Augment human agents who can’t handle the current workload by automating the more predictable aspects of the job.
Why move to cognitive computing?
- Handle large amounts of data with many more variables. Especially textual data.
- Reduce need for adding manpower. People just don’t scale.
- Stay ahead of competitors
- Uncover surprises. (This was a side benefit to a demonstration project that was originally designed to augment the human workforce)
- Curious to see what benefits might derive from cognitive computing that we can’t get now
- Get rid of silos
- Automate predictable or repeatable work
- Augment human work by developing digital assistants
Examples of uses:
Speech-to-speech product sales. One firm’s innovation lab is experimenting with building an App that will be personalized; will use machine learning to replace hundreds of business rules and 20 predictive models; and the machine learning will allow the models to evolve and help to revise rules faster.

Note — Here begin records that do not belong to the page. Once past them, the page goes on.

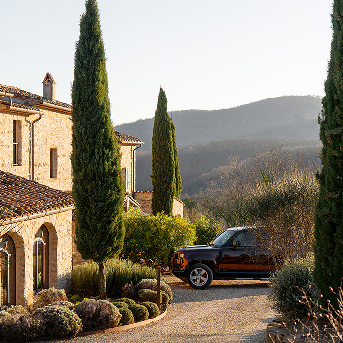 Stroll across the wide, paved courtyard, past the stone fountain and into this warm and welcoming house, with its light, modern interiors, cool sandstone floors and soaring ceilings. Outside, the glass-encased staircase tower is an architectural show-stopper, but what’s most striking about Arrighi is its surroundings – it’s hard to drag yourself away from those sweeping views over the estate, the Niccone valley and over to Tuscany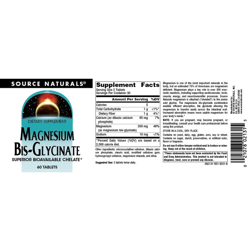 Source Naturals Source Naturals Magnesium Bis-Glycinate, Superior Bioavailable Chelate* - 60 Tablets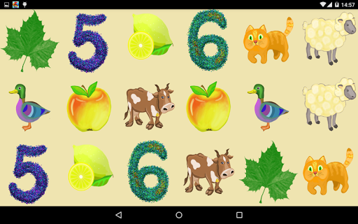 Das Spiel beinhaltet drei Kategorien – Zahlen, Tiere und Obst.
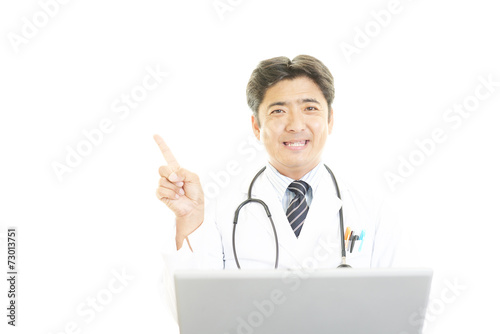 personal computer, personal computer, doctor, doctor, doctor, man, man, medical care, care, welfare, health, business, smile, people, japanese, medicine, cosmetic, face, hair, model, marode, happy, happiness, exam, diagnosis, healthful, good-looking, treatment, hospital, clinic, clinic, labcoat, japan, office, light, clean, white background, copy space, pose, work, uniform, training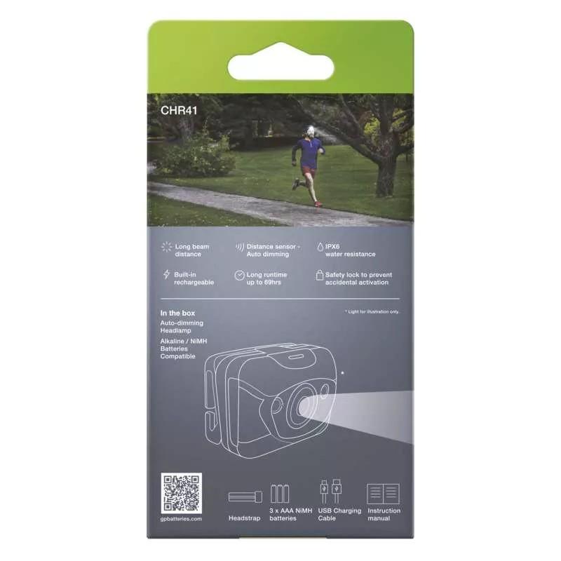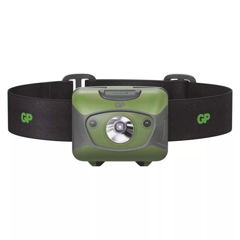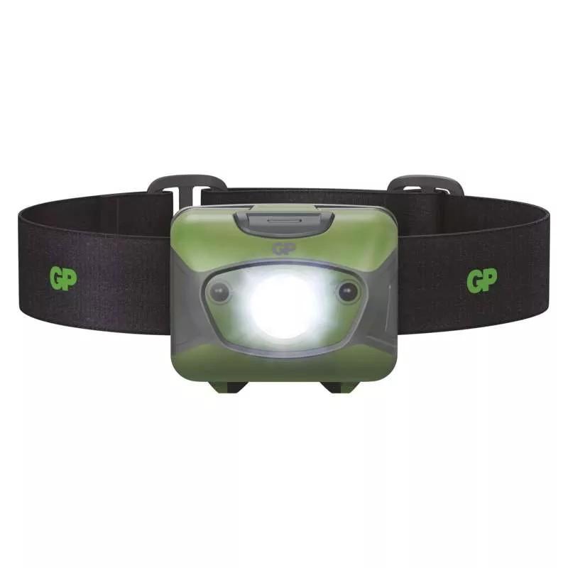 LED nabíjacia čelovka GP Discovery CHR41, 300 lm, maximálny dosvit: 157 m, počet režimov svietenia: 4, doba nabíjania: 3–4 h, farba: zeleno-šedá, reflexný pásik: áno.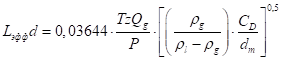 где, Lэфф – эффективная длина аппарата, м; d – внутренний показатель, м; T – рабочая температура аппарата, К; P – рабочая величина давления, кПа; z – коэффициент сжимаемости газов; Qg – производтелность, нм3/ч; ρg, ρl – плотность газа и жидкости при разделении, кг/м3; CD – коэффициент трения (капли жидкости непрерывного потока газа); dm – самый маленький диаметр устройства, разделяемого жидкостью, мкм.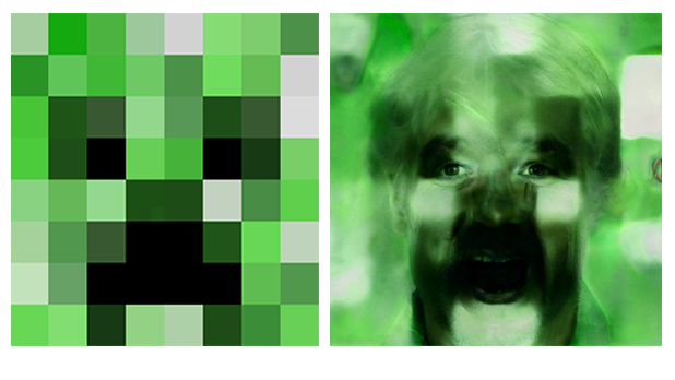 最近人工智能领域有了一个新的小软件,喂给它一个低像素图片,它就能通过此前的学习,逆推出一个去码高清图片。虽然听上去有点恐怖,让人担心自己的隐私会被暴露,但事实上这个担心是比较多余的。真正令人感到恐怖的,其实是把像素游戏角色喂给这个AI以后生成的结果。
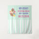 Tapisserie retour pour un baby shower ou un autre événement. Illustré avec un bol de crème glacée avec 3 succulentes boules couvertes de bonbons saupoudrés. Un cône glacé également avec 3 boulettes de chocolat, vanille et fraise. Un bol de desserts rempli de crème glacée au goût néopolite avec une délicieuse cerise sur le dessus. Un motif à rayures vertes et blanches dans l'arrière - plan.

- One firm is experimenting with discovering and extracting patterns of best business practices to establish KPI’s worldwide from hundreds of business managers’ individual knowledge. Need to understand what practices work and why.
- Expedite transactional processing. Moving from rules-based processes to teaching a system how to assess issues and minimize delays.
- Another firm is tracking and analyzing invoices using rules and econometric models. Their goal is to teach a system to automate model development and modification for tracking and analyzing invoices. Extending beyond rules and econometric models they want to add sentiment from incoming, non-English communications.
- Recognize patterns of behavior to find anomalies and predict risk in order to more thoroughly assess people and goods.
- Automate responses to customers, but on a more individual level. Part of a project to analyze customer opinions—a big data project.
In all cases, augmenting existing applications but seeking net new benefit from the use of cognitive computing systems was a consistent goal amongst all participants. Completely new product development or drastic changes to business processes from cognitive computing applications wasn’t seen to provide the palatable business benefit needed to embrace adoption. In all cases, however, changes and improvements to existing business practices were expected.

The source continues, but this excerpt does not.